Is there a general rule of thumb, a formula for setting up nozzles?

I have a 29 gal viv and am getting the mist king starter kit. I'm considering getting one of the doubles in addition to the single that comes with the kit.

And what is ideal placement?

Suggestions? Thoughts?

sent from my incredible...mind


----------



## carola1155 (Sep 10, 2007)

a lot of it will depend on how your tank is planted... Maybe posting a pic will help us give a bit of direction.

You will most likely be able to just put them in two holes evenly spaced from the sides and then just play with which side gets the double nozzle and which gets the single.


----------



## koldshot (Jan 21, 2010)

Why not grab a conversion nozzle ($8.25) so you have 2 doubles? I would also recommend zip drip.


----------



## suztor (Aug 14, 2011)

Yup I am getting the zip drip as well. I'll post a recent pic when I get home in an hour. 

I'm hoping to place the sprayers in the back of the tank where I have a plastic strip that comes with the glass lid.

sent from my incredible...mind


----------



## carola1155 (Sep 10, 2007)

you will most likely want to either get some suction cups and extend the nozzles out to the middle or bite the bullet and drill the glass.

There are some great tutorials around here and its really not hard to drill the glass. It will give you a lot more flexibility.


----------



## suztor (Aug 14, 2011)

Yeah.... :l I probably do

Part of my issue is I've glued my glass down so I want to try and disturb my frogs as little as possible.

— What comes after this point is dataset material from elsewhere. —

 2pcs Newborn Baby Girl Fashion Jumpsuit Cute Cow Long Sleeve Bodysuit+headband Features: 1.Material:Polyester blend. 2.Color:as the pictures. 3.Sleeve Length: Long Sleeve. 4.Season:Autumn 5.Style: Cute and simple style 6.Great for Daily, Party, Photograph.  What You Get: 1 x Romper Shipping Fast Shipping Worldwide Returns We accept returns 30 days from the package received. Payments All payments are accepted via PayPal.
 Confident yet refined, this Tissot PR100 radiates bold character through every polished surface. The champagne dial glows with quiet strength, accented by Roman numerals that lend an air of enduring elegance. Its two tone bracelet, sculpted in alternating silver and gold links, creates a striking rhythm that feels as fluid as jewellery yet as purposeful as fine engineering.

And I don't really trust suction cups too much.


----------



## carola1155 (Sep 10, 2007)

well... having a nozzle on a few inches of tubing from the point of entry wouldnt really cause issues if the suction cup failed

The tubing itself is fairly rigid so it would help hold it a bit and at least the nozzle wouldnt come completely crashing down on the ground... it would just swing down a bit and probably sit there suspended in the air.


----------



## jeeperrs (Jan 14, 2010)

If it is glued, you may have no other option. If it is still removable, you should drill it or have someone else drill it. The problem with the suction cups is that it may fall off. If a misting cycle starts it has the potential of swinging around and hitting anything in the path. That could potentially be a problem to the health of your frog if they get smacked by an unsecured nozzle.


----------



## suztor (Aug 14, 2011)

Here's a picture.










sent from my incredible...mind


----------



## carola1155 (Sep 10, 2007)

yea I think your best bet is just going to be to go with my previous suggestion... placing them equidistant from the sides. (basically splitting the tank into 3 sections) The left side will probably get the double nozzle so you can angle one towards the side with the background and planting.


----------



## carola1155 (Sep 10, 2007)

I made a little mock up of what I was talking about with extending the mist king nozzle from the background.

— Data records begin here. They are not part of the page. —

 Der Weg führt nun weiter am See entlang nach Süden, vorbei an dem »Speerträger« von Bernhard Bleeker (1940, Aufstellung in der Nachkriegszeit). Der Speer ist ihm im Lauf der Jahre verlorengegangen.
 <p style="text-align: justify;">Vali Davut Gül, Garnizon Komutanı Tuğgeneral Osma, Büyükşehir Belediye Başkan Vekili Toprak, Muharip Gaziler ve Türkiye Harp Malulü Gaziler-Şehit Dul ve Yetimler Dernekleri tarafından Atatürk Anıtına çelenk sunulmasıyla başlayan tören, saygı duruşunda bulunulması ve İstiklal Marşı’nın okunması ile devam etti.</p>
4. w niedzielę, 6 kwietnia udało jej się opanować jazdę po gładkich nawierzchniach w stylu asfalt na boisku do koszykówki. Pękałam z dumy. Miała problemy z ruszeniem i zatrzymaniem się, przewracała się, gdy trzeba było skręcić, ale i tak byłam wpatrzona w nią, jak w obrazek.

First... Deconstruct the bulkhead part:









Next, flip around the elbow:









Then, push the elbow in and prepare your extra tubing length:









Attach the rest of the nozzle:









And voila... You have a functional adapter. There is still a pretty good range of motion on the nozzle too.









Now, I only did a couple inches here... If you extend it farther I would recommend a suction cup. I just have some film canister ones but you get the idea here:









On shorter lengths like the tubing should be rigid enough to hold it in place just fine. However, this is completely an assumption and should be tested first.

The only issue you may have is that you will need an additional elbow for the double nozzle.

Hope that helps!


----------



## suztor (Aug 14, 2011)

Hmm that looks pretty doable! I wonder if there is any rigid tubing that will work for that.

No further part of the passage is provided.